/seqnmf

An algorithm for unsupervised discovery of sequential structure

Primary LanguagePythonMIT LicenseMIT

seqNMF

This package is a Python port of the SeqNMF MATLAB Toolbox. It provides a tool for performing unsupervised discovery of temporal sequences in high-dimensional data.

Credit for MATLAB toolbox: Emily Mackevicius, Andrew Bahle, and the Fee Lab.
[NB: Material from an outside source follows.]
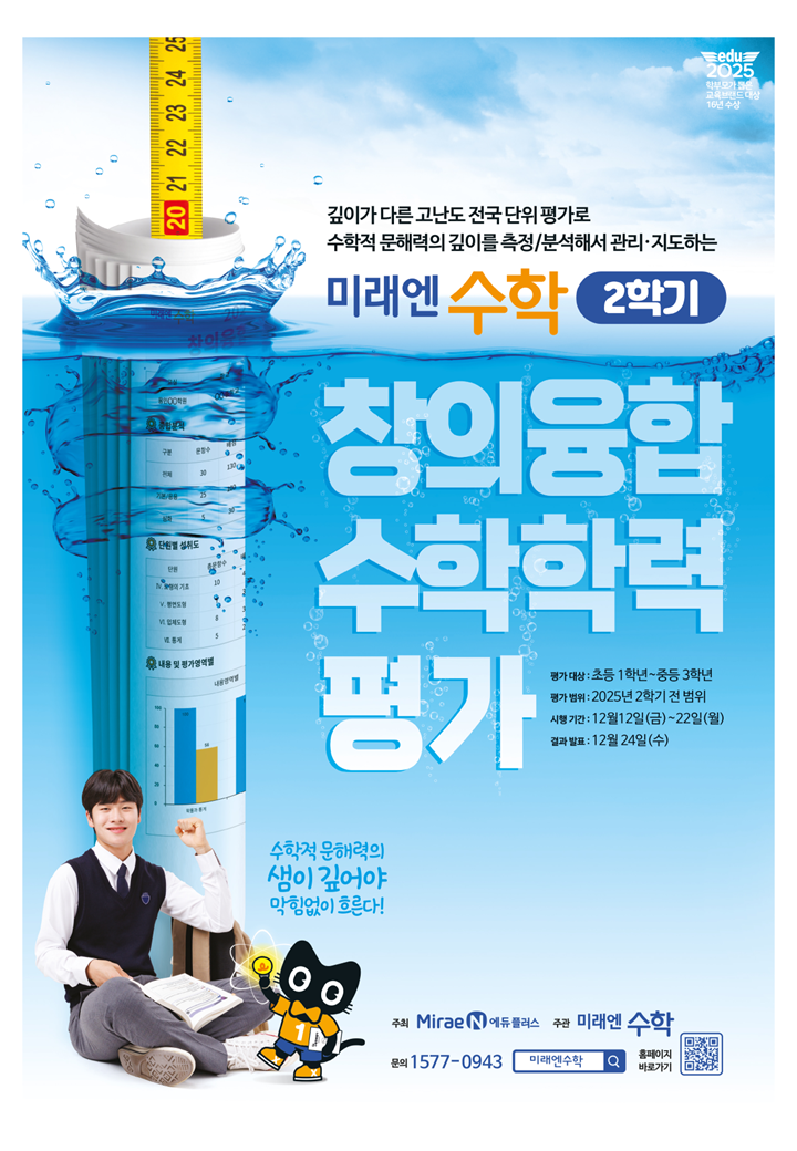 안녕하세요. 삼성영어 미래엔수학 효자학원입니다. 미래엔수학에서 매학기 실시하는 전국 창의융합평가를 저희 학원은 실시합니다. 저희 삼성영어 미래엔수학 효자학원은 12/12(금)-12/19(금) 기간동안 시험이 진행이 됩니다. 이번 시험은 총 30문항/ 90분 시험으로 시험 결과 발표는 12/24(수)에 할 예정입니다. 저희 학원 수학재원생은 모두 응시합니다. 이번 전국시험을 통해서 개인의 실력을 확인할 수 있어요. 이 시험은 비재원생도(응시료 1만원) 응시 가능해요. 12/17(수)까지 신청해주세요. 25년도 마지막 시험!! 모두 열심히 준비해서 좋은 성적 있기를 바래요. 화이팅!! ☎ 지금 신입상담과 진단평가 예약하세요.(무료) <img src="https://blogthumb.pstatic.net/MjAyNTEyMTBfMjk1/MDAxNzY1MzUyNDQ1MjE5.i9S46UEUktSMWQqXv5esJbkonJ8435kSMhZ6zdBuCFEg.A-6vYUTo7yT_ZatTsJ86WNHlguUleVH31KL0LIHxILEg.PNG/KakaoTalk_20251208_121411898.png?type=s3" />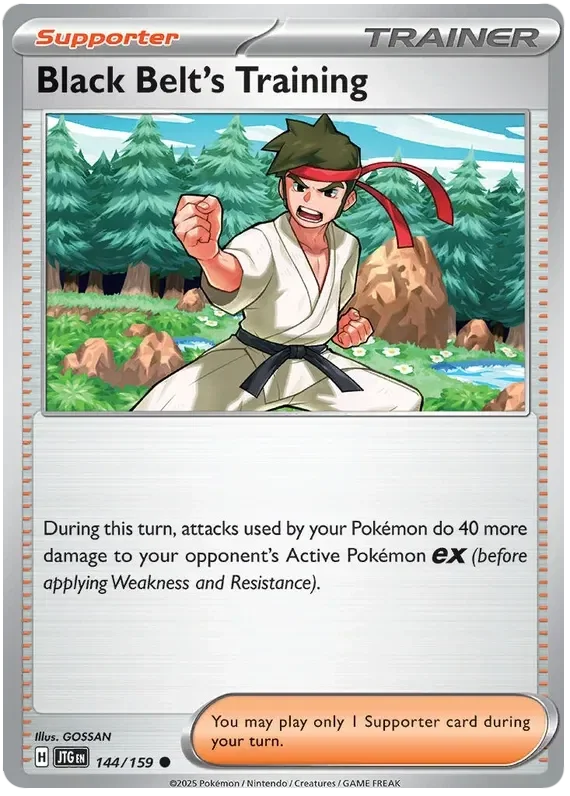 Journey Together 144/159 Black Belt's Training is a strategic Trainer card from the Journey Together set, tailored to support Fighting-type Pokémon. This card offers competitive players enhanced offensive capabilities and tactical flexibility, making it a valuable asset in battle. Collectors also value its detailed artwork and rarity, adding both gameplay strength and collectible appeal to your deck.

This Python toolbox was developed by Jeremy Manning as a hackathon project during the 2018 MIND Summer School.

Description

SeqNMF uses regularized convolutional non-negative matrix factorization to extract repeated sequential patterns from high-dimensional data. The algorithm can discovery of patterns directly from timeseries data without reference to external markers or labels.

For more information please see:

Installing the toolbox

To install the latest official version of this toolbox type

pip install --upgrade seqnmf

To install the (bleeding edge) development version type

pip install --upgrade git+https://github.com/ContextLab/seqnmf

Using the toolbox

Given a N (number of features) by T (number of timepoints) data matrix, X, the commands below may be used to factorize the data using seqNFM:

from seqnmf import seqnmf

W, H, cost, loadings, power = seqnmf(X, K=20, L=100, Lambda=0.001)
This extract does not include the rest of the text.